■ **Problem statement**: For the data below, transcribe the part that opens with the line containing "8,5 cm magas, 7" and closes with the line containing "下图所圈出的为近30期各位置", exactly and with no pictures.

******************************

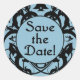 Beautiful Save the Date stickers for your envelopes. In soft blue and bold black. Circular design with black damask swirl motif. Make your envelopes special with these stickers!
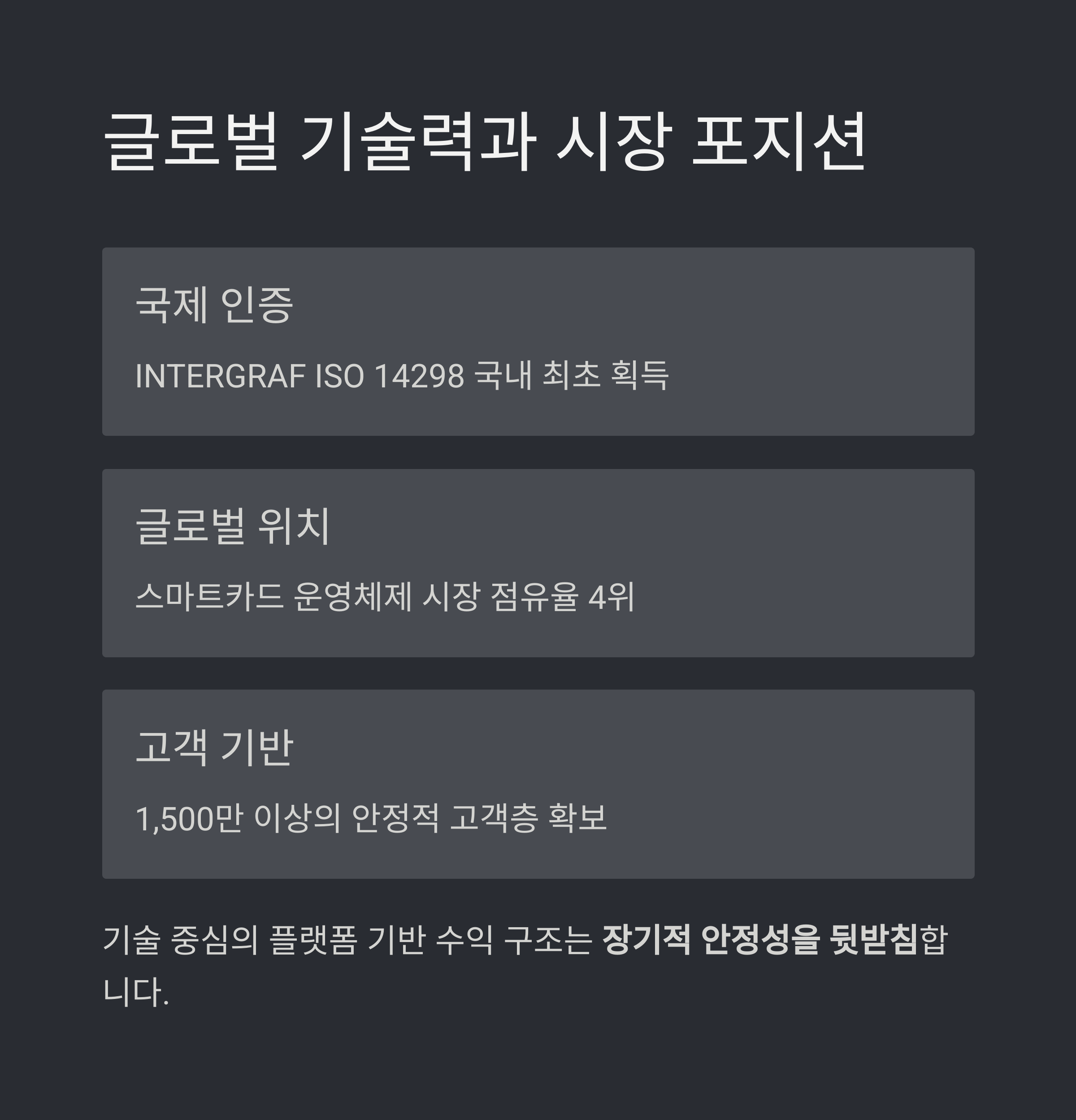 | 스마트카드 OS | 있음 | 글로벌 4위 |
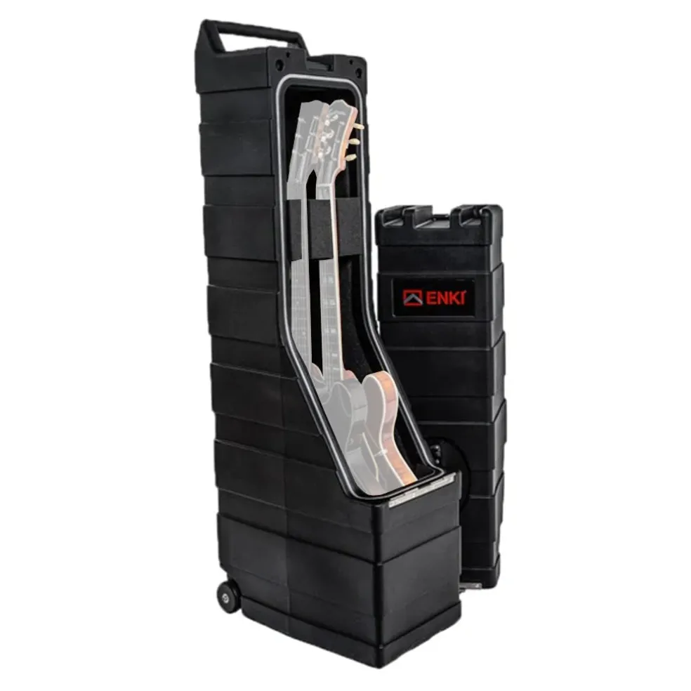 The AMG-2 Guitar Case is a revolutionary 2 electric guitar case offering solid airline-safe protection and travel convenience for touring musicians. Most touring guitar players are carrying multiple guitars and are in need of a case offering a higher level of protection with the ability to easily roll the case into the venue. To keep your babies safe, the Gen 3 ENKI AMG-2 Guitar Case is constructed with an incredibly tough lightweight Roto-Molded Polyethylene shell encasing a luxurious 2 electric guitar modular soft case insert. The AMG-2 Guitar Case is designed to hold most electric guitars with a standard body shape. Guitars can be accessed either horizontally or vertically with the use of a single 304 SS latch. In addition to delivering superior protection, the AMG-2 Guitar Case doubles as a guitar rack when stood vertically – perfect for the stage!
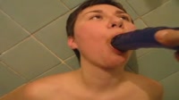 Babe Plays with Blue Dildo, Takes a Dump
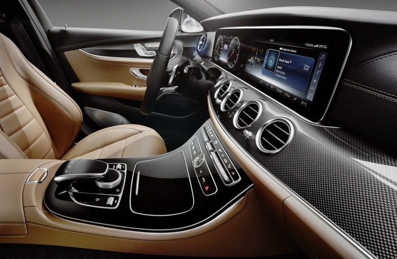 Mercedes has embraced the digital cockpit in a big way, and the E300's dashboard is dominated by a pair of 12.3-inch widescreen LCDs. The driver's is an $850 option, with configurable virtual gages, while the center panel is standard, for navigation, multimedia, and more. Neither supports touch, mind; instead, control comes courtesy of a trackpad in the center console, together with a jog-wheel and a cluster of shortcut buttons.
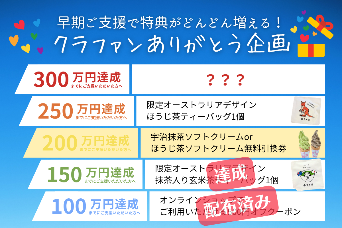※各ステージの目標金額に達しなかった場合には、特典は付きません。予めご了承ください。
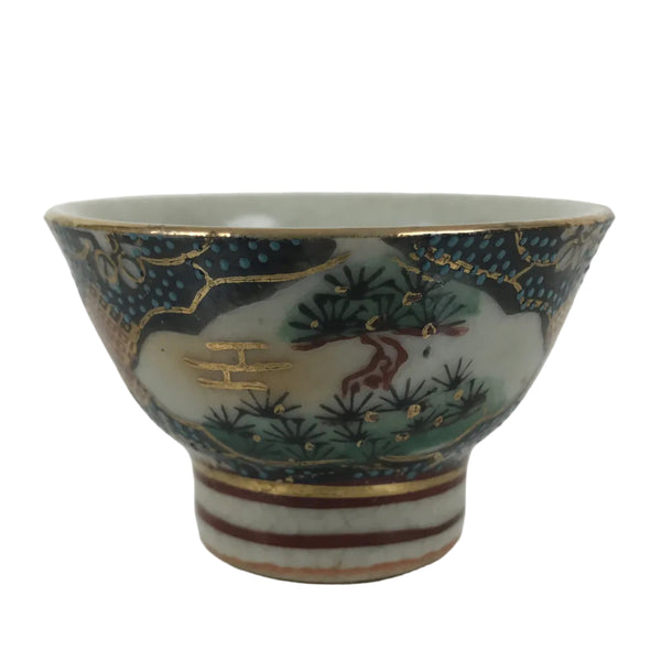 This is a vintage Japanese Kutani porcelain sake cup. This particular type of cup is called wan or "bowl type" due to its resemblance to a rice bowl. In terms of size, it is also called ochoko. This beautiful imari sake cup is fully decorated with precise gold linework surrounding a shochikubai (Pine, plum blossom, bamboo) motif on a raised-texture blue dotted background. Each scene is beautifully illustrated with green, gold, and red. The inside is a grayish-beige. It has a red Kutani marking on the bottom.
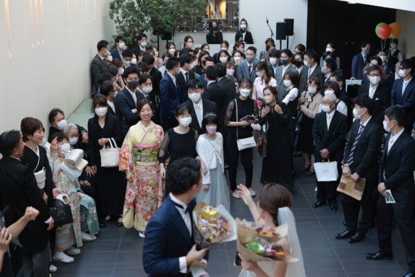 「ブーケトス」とは女性ゲストに向けて花嫁が後ろを向いてブーケを投げる演出です
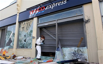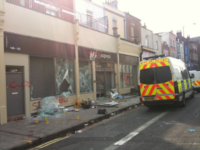 Celebrations broke out as the crowd realise they have the streets. Calls of "Smash Tesco!" ring out. Tesco windows are smashed (below) and the abandoned Land Rover Defender is also smashed. The trailer full of riot equipment is looted. The trailer is then detached and moved to the junction of Bath Buldings and Arley Hill, just north of the Tesco store, where it is overturned and used as part of a makeshift barricade.
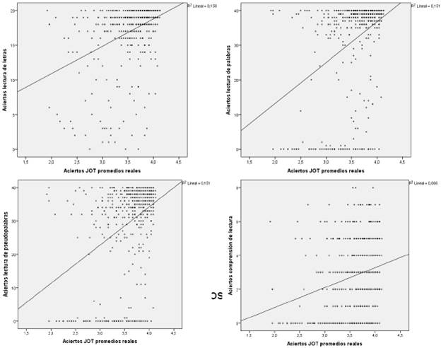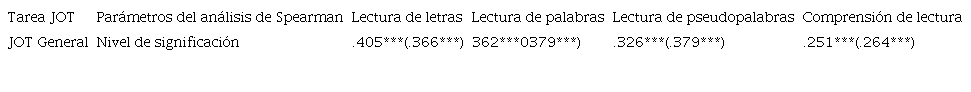 Cuando se analizó el procesamiento temporal de forma general, a través de los aciertos de todos los niños y niñas en todas las tareas de juicio de orden temporal (JOT general) -es decir, sin diferenciar modalidades y tipos de estímulos- se encontró correlación significativa entre todos los aciertos de las tareas de juicio de orden temporal general y los aciertos de las tareas de lectura de Prolec-R y con la prueba de comprensión de lectura ENI (Tabla 3).
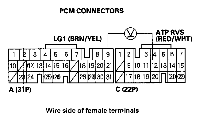 8. Measure voltage between PCM connector terminals C12 and A9.
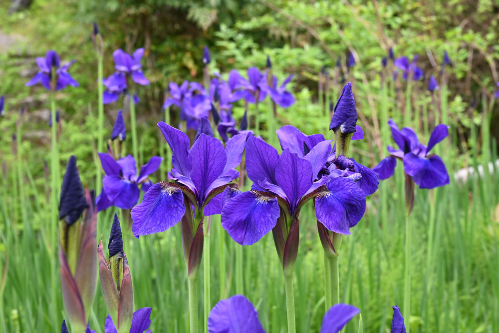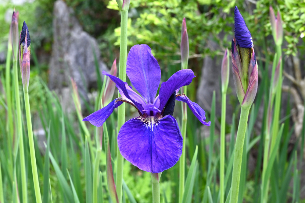 4/17現在、南園と展示館中庭の2か所で見ごろとなっています。朝鮮、中国東北部に分布する多年草で、観賞目的で古くから我が国で栽培されてきました。花が濃紫色で花茎が長いため切花としても用いられるようです。牧野博士が1929年、「植物研究雑誌」にて学名を発表し、和名の由来を原産地とされる釜山を和読したものだとしていますが、和名の由来については諸説あって定かではありません。
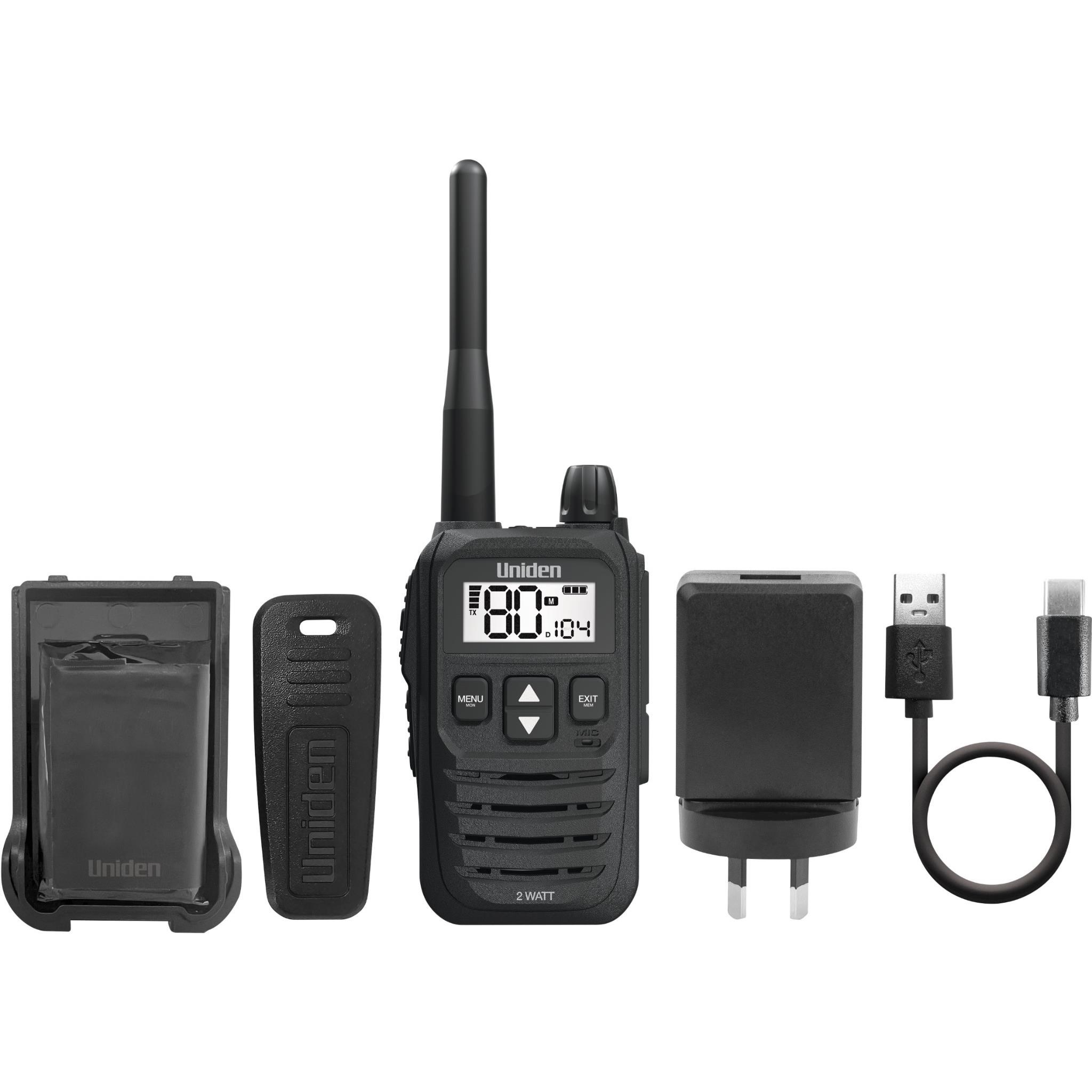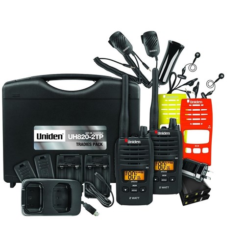 Presenting Uniden’s latest in UHF technology. The UH825-2TP is a compact 80 Channel 2 Watt hand-held radio built for rugged Australian and New Zealand conditions making it ideal for Commercial Use. Hiking. Construction Sites and Restaurants. With the finest components. unique engineering and styling. the UH825-2TP offers outstanding performance adaptable in various conditions and situations. The UH825-2TP now comes in a Tradies Pack with all the accessories you need to keep connected.
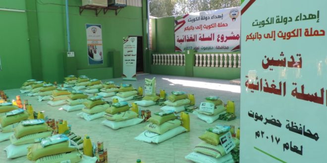 دشن اليوم بمدينة سيئون محافظة حضرموت توزيع 4 ألف و 900 سلة غذائية ضمن حملة “الكويت إلى جانبكم” .
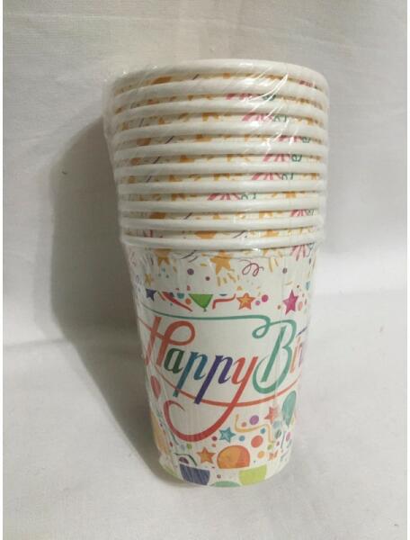 8,5 cm magas, 7 cm átmérőjű, 2 dl-es papír pohár lufis, csillagos mintával és Happy birthday felirattal. Az ár 1 csomag (10 db) papírpohárra vonatkozik!
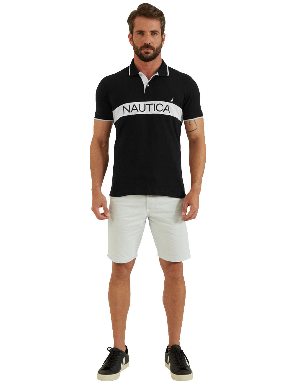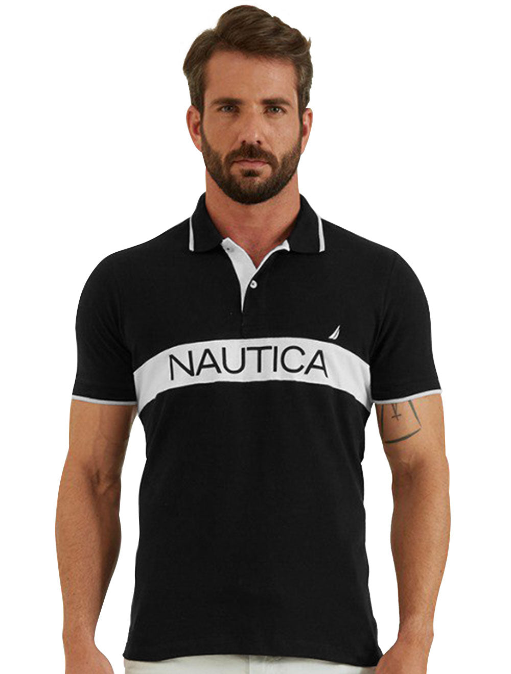 Polo em piquet masculina Nautica na cor preta.
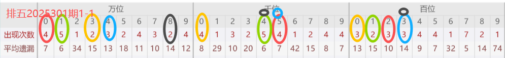下图所圈出的为近30期各位置所出现的热码出现次数及平均遗漏值,用以参考和一些冷码组合选号。
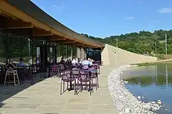 One of the factors that helped the development gain planning permission was the inclusion of a green roof in the design. The 4,000 m2 (43,000 square feet) green roof was designed to disguise the new service station as part of the landscape. With the Cotswolds on one side and Robinswood Hill on the other, every effort had to be made to reduce the aesthetic and biological impact the project had. A bespoke seed mix was used which was intended to mimic the natural vegetation of the surrounding landscape. Species such as birdsfoot trefoil and yellow rattle were included to attract UK native pollinators such as bees and butterflies.[15][16]
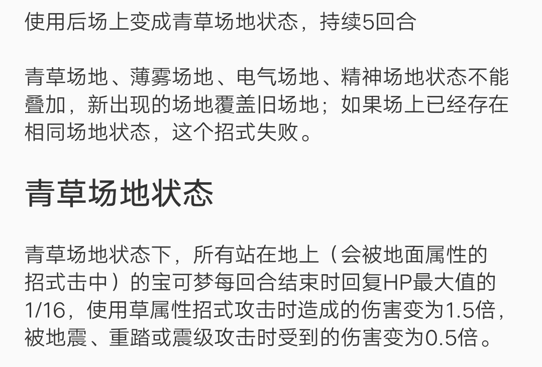 地上的宝可梦每回合回复1/16血量(虽然也会福利对方,但是不要在意这些,关键的就是草属性招式威力会x1.5,受到地震,重踏级别攻击是伤害削弱成0.5倍,千剑除外,这个不属于直接接触)

******************************

■ **Solution**:
 8,5 cm magas, 7 cm átmérőjű, 2 dl-es papír pohár lufis, csillagos mintával és Happy birthday felirattal. Az ár 1 csomag (10 db) papírpohárra vonatkozik!
 Polo em piquet masculina Nautica na cor preta.
下图所圈出的为近30期各位置所出现的热码出现次数及平均遗漏值,用以参考和一些冷码组合选号。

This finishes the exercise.